Cutting-edge performance
Google’s brand-new, cutting-edge fabrication plant in Santa Barbara, one of the few in the world constructed just for this purpose, is where Google Willow was made. System engineering is essential to the creation of quantum processors. A chip’s single and two-qubit gates, qubit reset, and readout must all be carefully designed and implemented at the same time. System performance is negatively impacted if any one component delays or if two components don’t work well together. As a result, optimizing system performance guides every step of its process, from gate development and calibration to chip architecture and production. The accomplishments it provides evaluate quantum computing systems in a comprehensive manner rather than focusing on a single aspect at a time.

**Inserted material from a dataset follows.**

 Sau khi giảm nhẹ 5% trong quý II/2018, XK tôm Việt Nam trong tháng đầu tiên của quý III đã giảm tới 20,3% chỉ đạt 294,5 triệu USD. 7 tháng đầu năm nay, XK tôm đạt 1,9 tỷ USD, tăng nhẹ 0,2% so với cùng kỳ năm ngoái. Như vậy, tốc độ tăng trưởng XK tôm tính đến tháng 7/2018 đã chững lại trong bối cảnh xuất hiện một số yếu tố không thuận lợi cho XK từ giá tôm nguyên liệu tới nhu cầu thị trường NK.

Because manufacturing more qubits doesn’t help if they aren’t of a high enough quality, Google concentrates on quality rather than quantity. With 105 qubits, Google Willow now performs best in class in both of the aforementioned system benchmarks random circuit sampling and quantum error correction. The most effective technique to gauge overall chip performance is to use such algorithmic benchmarks.

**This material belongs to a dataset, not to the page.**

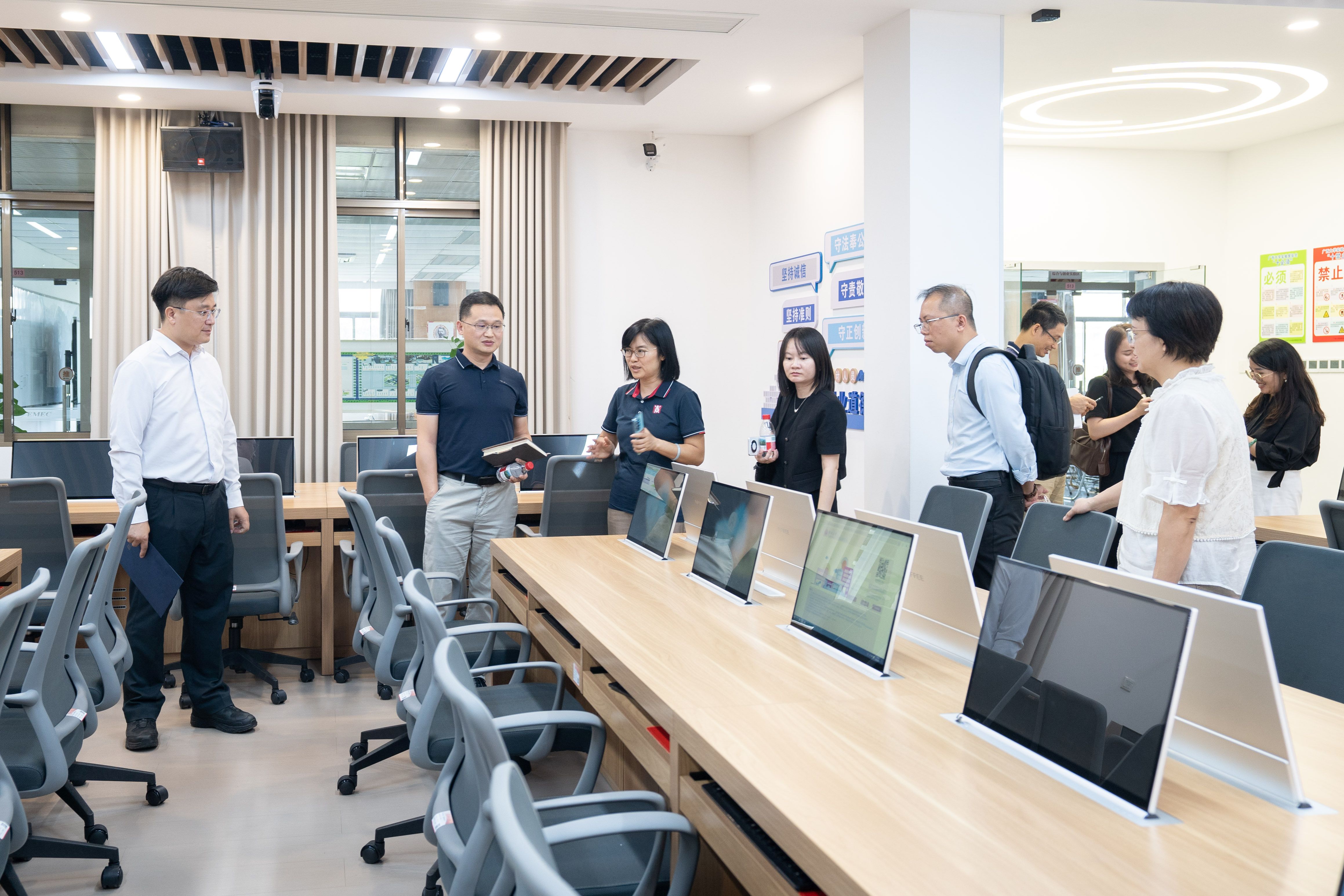 仪式结束后,金蝶公司一行在学院领导陪同下参观了bat365官网智能会计与智慧财务实验室等,双方围绕金蝶软件在学院的落地应用及未来合作方向进行了深入交流。

For instance, its T1 timings, which gauge how long qubits can sustain an excitation, the primary quantum computational resource, are now getting close to 100 µs (microseconds). Other, more focused performance measurements are also crucial. Compared to its prior generation of chips, this is a tremendous improvement of about five times. The following set of essential specifications can be used to assess quantum hardware and compare it across platforms:
What is next for Willow?
Demonstrating a first “useful, beyond-classical” computation on modern quantum processors that applies to a practical application is the field’s next hurdle. It is hopeful that the Willow chip generation will enable us to accomplish this. Two different kinds of experiments have been conducted thus far. It has used the RCS benchmark, which compares performance to traditional computers but has no known practical uses. However, it has conducted scientifically intriguing simulations of quantum systems that are still accessible by classical computers and has produced new scientific findings. Its objective is to simultaneously enter the field of algorithms that are practical for real-world, economically relevant problems and that are beyond the capabilities of traditional computers.

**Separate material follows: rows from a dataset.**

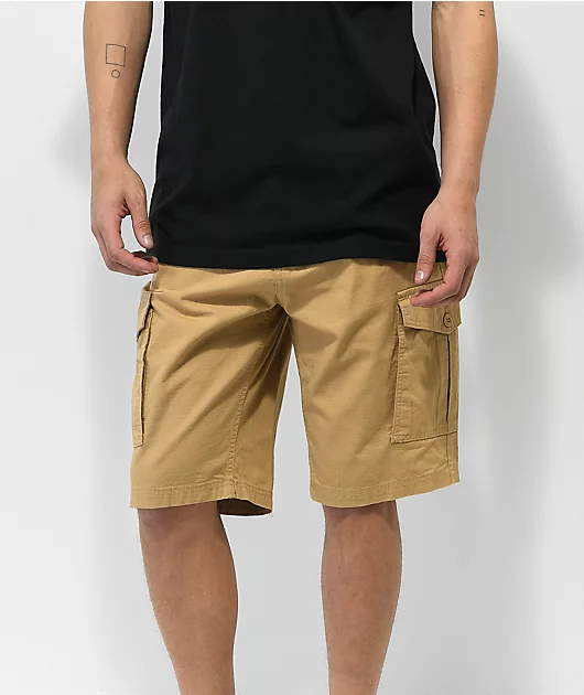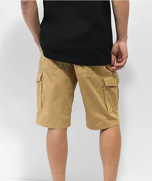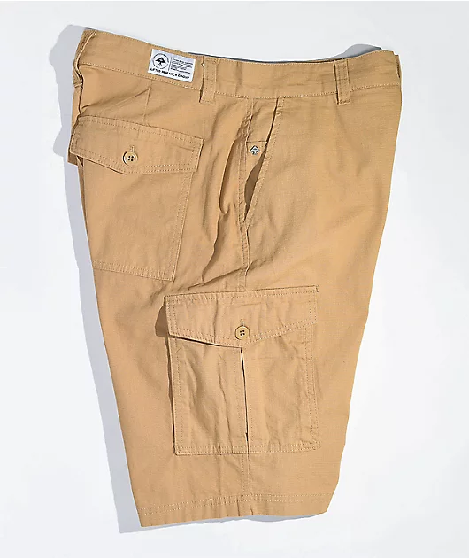 The RC Ripstop cargo shorts from LRG in the khaki colorway feature a 7 pocket configuration with buttoned pockets on both thighs and the back, hand pockets to the side, and a stash pocket decorated with a metallic LRG logo. The fatigue-inspired ripstop co
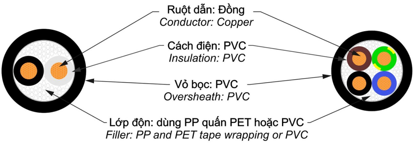 - Cáp ba lõi: Xanh lam, nâu, đen
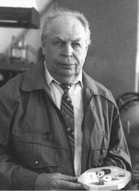 Founder of the Scientific School ‘‘Ceramics and composition materials’’ Dr. Sci. (Geol.-Mineral.) B. A. Goldin with samples made of new ceramic materials.

Training and optimizing specific learning architectures, modeling systems where quantum effects are significant, and gathering training data that is unavailable to classical machines will all be made possible by quantum computation. This includes advancing the development of fusion and new energy sources, creating more effective batteries for electric vehicles, and assisting in the discovery of new medications. Many of these revolutionary uses of the future will not be possible on traditional computers; quantum computing will be the key to unlocking them.